Solo said, “Great! But shouldn’t you be with your own families?”

A shadow passed across Gütte’s face, to be superseded at once by a wider smile. “We travel light,” she said.

A waiter appeared with a cart bearing bottles, ice and glasses. Illya busied himself with the cocktail shaker. He asked, “You want to eat here? The food is excellent.”

“Here? In a hotel?” Gütte looked shocked. “Of course you come to our apartment. You think we have slaved all day for nothing? Right now, I hope, Knud is laying the table.”

“Sorensen is there?”

“Of course. Could we leave him out? A bachelor all by himself in that creepy old town of his?” She grinned. “Karen, you think we were wise to leave him alone in the apartment with Lise?”

“Don’t worry. They’ll cook the dinner first.” Karen explained to Solo. “Lise is a ceramic artist. She lives in the apartment below. Her family lives abroad, so we asked her into make up the number. You will like her—but not too much, I hope.”

The apartment was in an ancient, pink-brick house in a tiny square tucked away behind Nyhavn. Above the door of the house hung a sheaf of wheat.

“In Denmark we like the birds to have their Christmas, too,” Gütte explained. “You think that’s crazy?”

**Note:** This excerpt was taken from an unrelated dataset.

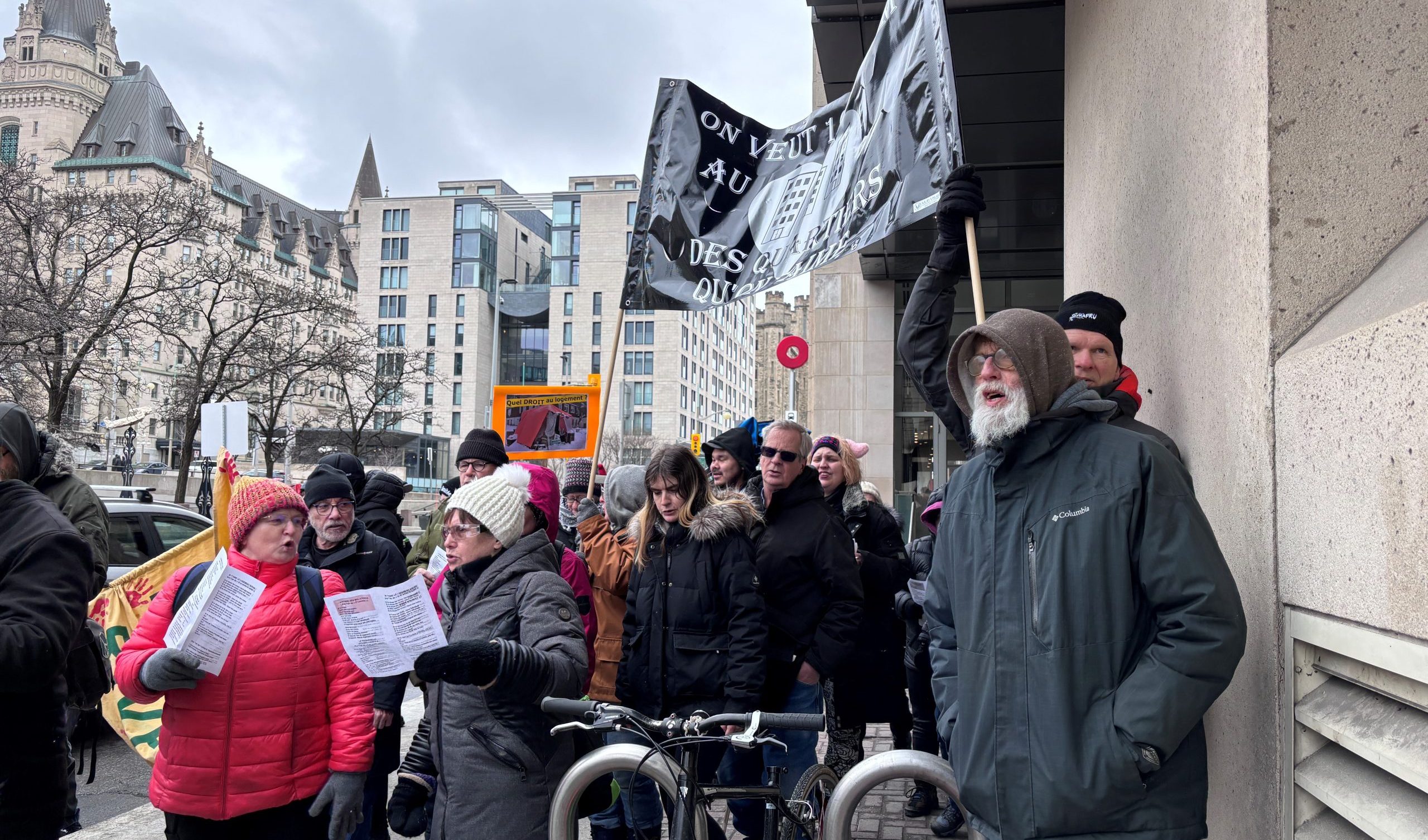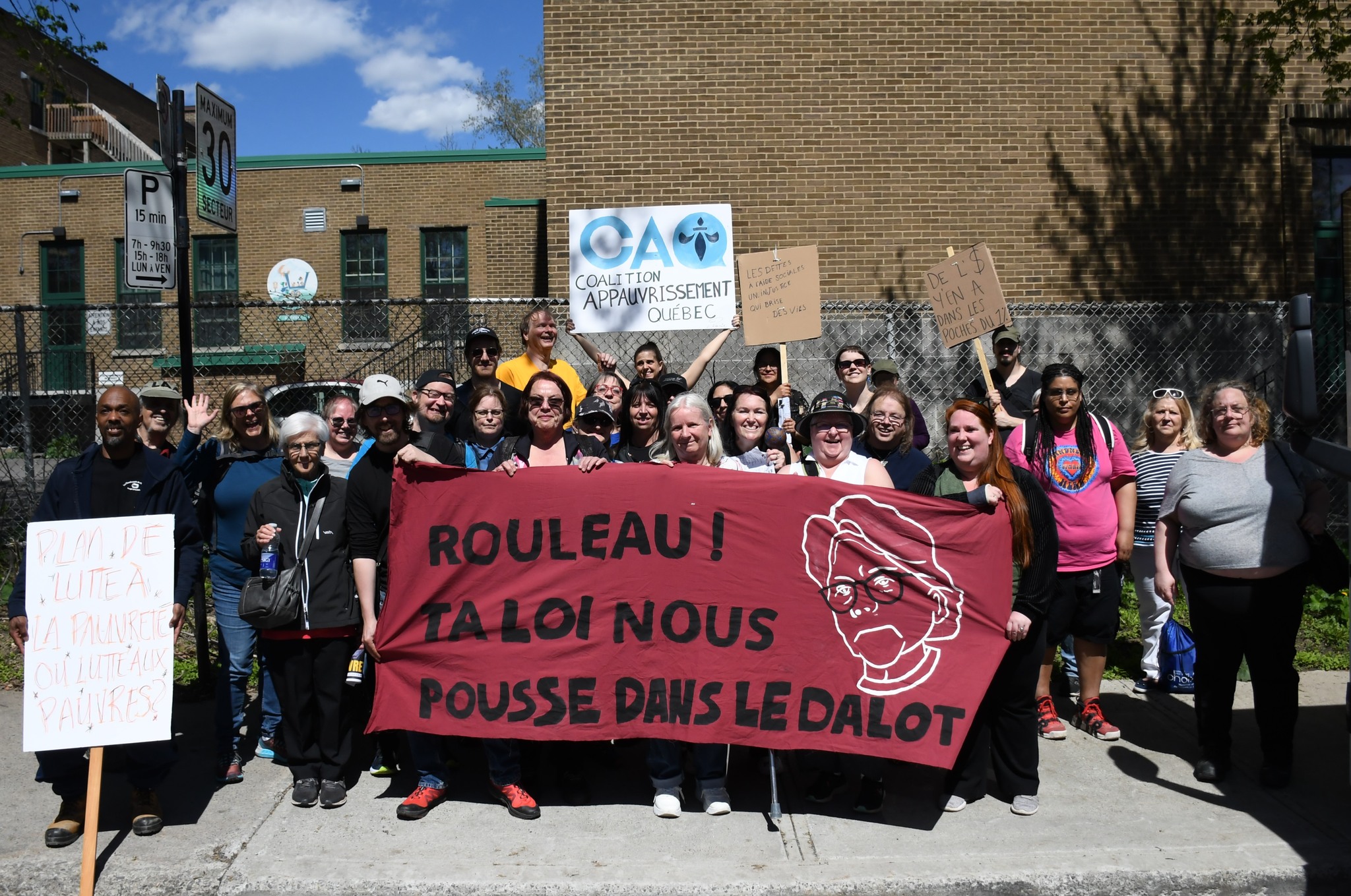 Délégation estrienne pour la manifestation sur les règles punitives à l’aide sociale, 7 mai 2024 (Photo : TROVEPE) Pour un abat des règles punitives . . .

They climbed the stairs to the second floor and Gütte turned the key in the apartment door. She and Karen went first into the little hall, turned and suddenly formal, shook hands with the men. They said, “Glaedelig Jul og velkom!”

Sorensen appeared in the sitting-room doorway, incongruously domesticated in a woman’s frilly apron and waving a basting spoon.

“Come in! Come in!” he shouted. “You must meet the charming Lise. Would you believe it, Karen? She has even provided a marzipan pig. I tell you, she is wonderful.”

They shook hands with a pretty, black-haired girl whose skin and eyes hinted Eastern ancestry.

Solo asked, “What’s with the pig? I thought goose was the main dish.

She laughed musically. “This is for the risengrod—the rice porridge. In families where there are children, it is the custom to hide a single almond in the dish. The one who finds it in his portion wins the marzipan pig…Somehow, it always happens it is the littlest child who finds it.”

Illya nodded. “I know. We’ve played in such joints. The wheel is crooked.”

“Please?” She looked puzzled.

“That,” said Solo, “was a subtle Russian joke. Ignore it.”

The goose, stuffed with apples and prunes, was a masterpiece. There were lager and akvavit and cheeses and pastries and little torpedo-shaped cakes of almond paste. With the coffee Gütte poured a golden liqueur that held the glow of summer suns and filled the room with the fragrance of orange groves.

“This,” she told Solo, “can have a devastating effect on ones inhibitions. As they say in England: Drink hearty!”

Later they switched off the electric light, lit the red candles and danced around the tree while the three girls sang the old traditional Christmas songs.

“It is perhaps as well,” Illya said, “that Mr. Waverly cannot see us now. I doubt if he would approve of such flagrant sentimentality.”

Gütte said, “Come and help me find some nice music.” She led Solo over to the record player. Sorting through discs in the dim glow of the candles took a little time. Gütte put a Henry Mancini LP on the turntable and the orchestra began to give softly with Moon River.

Gütte patted the cushions invitingly on the long divan, and put the orange liqueur and glasses within easy reach. “Come,” she said. “Now we can be comfortable together.”

Somehow, suddenly, they were alone in the room. Solo took her in his arms. His hand caressed the rounded curve of her cheek.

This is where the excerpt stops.